- i24NEWS
- Vu sur i24NEWS
- À Auschwitz, Amine Drissi porte la mémoire et le lien judéo-marocain
À Auschwitz, Amine Drissi porte la mémoire et le lien judéo-marocain
Participant à la Marche des vivants à Auschwitz, Amine Drissi met en avant la mémoire de la Shoah et l’héritage judéo-marocain, appelant à renforcer les liens culturels et le dialogue.


Au cœur de la Marche des vivants, la présence d’Amine Drissi ne relève pas du simple témoignage, mais d’une démarche assumée : incarner une mémoire et rappeler une histoire souvent méconnue. Invité sur i24NEWS, le fondateur de Pink Tarbouche a raconté une expérience à la fois personnelle et politique, entre devoir de mémoire et volonté de transmission.
« Il y avait un message derrière cet accoutrement », explique-t-il, évoquant sa tenue traditionnelle marocaine portée lors de la marche. Un symbole destiné à rappeler un fait historique précis : en 1940, le Maroc n’a pas livré sa population juive aux nazis. « Sa Majesté Mohammed V n’a pas livré ses Juifs », insiste-t-il, rappelant qu’environ 250 000 Juifs vivaient alors dans le royaume .
Déjà venu à Auschwitz il y a une dizaine d’années, Amine Drissi décrit un choc intact face à « l’horreur absolue », qu’il considère comme « unique dans l’histoire de l’humanité » . Cette fois, sa participation s’inscrit dans un cadre collectif, avec une délégation du mouvement Charaka composée de leaders du monde arabe. Une initiative qui traduit, selon lui, une évolution des mentalités et une volonté de dialogue.
Au Maroc, affirme-t-il, la mémoire de la Shoah existe, même si elle demeure parfois partielle. Il rappelle notamment la phrase emblématique attribuée à Mohammed V : « Je n’ai pas de Juifs, je n’ai que des Marocains », symbole d’une protection revendiquée et d’un héritage commun .
Au-delà du souvenir, Amine Drissi insiste sur la transmission. À travers son association, il entend promouvoir la culture hébraïque comme composante de l’identité marocaine, inscrite dans la Constitution. Une approche culturelle, plus que religieuse, qui vise à retisser des liens et à combattre les fractures.

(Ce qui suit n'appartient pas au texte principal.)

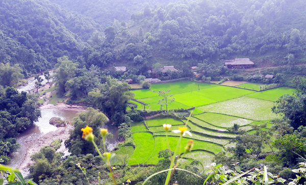 Tháng 5, giữa cái nắng như lửa đốt của mùa hè, chúng tôi về xã Tân Tiến, huyện Bảo Yên. Cách xa trung tâm huyện gần 50 km, Tân Tiến là xã xa nhất, cũng là vùng đất còn khá hoang sơ, nhìn đâu cũng thấy đồi núi trập trùng. Đặc biệt, mấy người bạn tôi bảo, Tân Tiến có bản Tày Thác Xa nổi tiếng với nhà sàn, đồi cọ bình yên, nhất là thác Xa, đẹp nhất vùng này.

Enfin, son discours s’inscrit dans une dynamique plus large, celle des accords d’Abraham et du rapprochement entre Israël et certains pays arabes. « On a tellement de choses à partager avec Israël », souligne-t-il, évoquant des liens humains, historiques et économiques.
À Auschwitz, Amine Drissi ne se contente pas de commémorer : il cherche à construire un récit commun, entre mémoire, identité et avenir.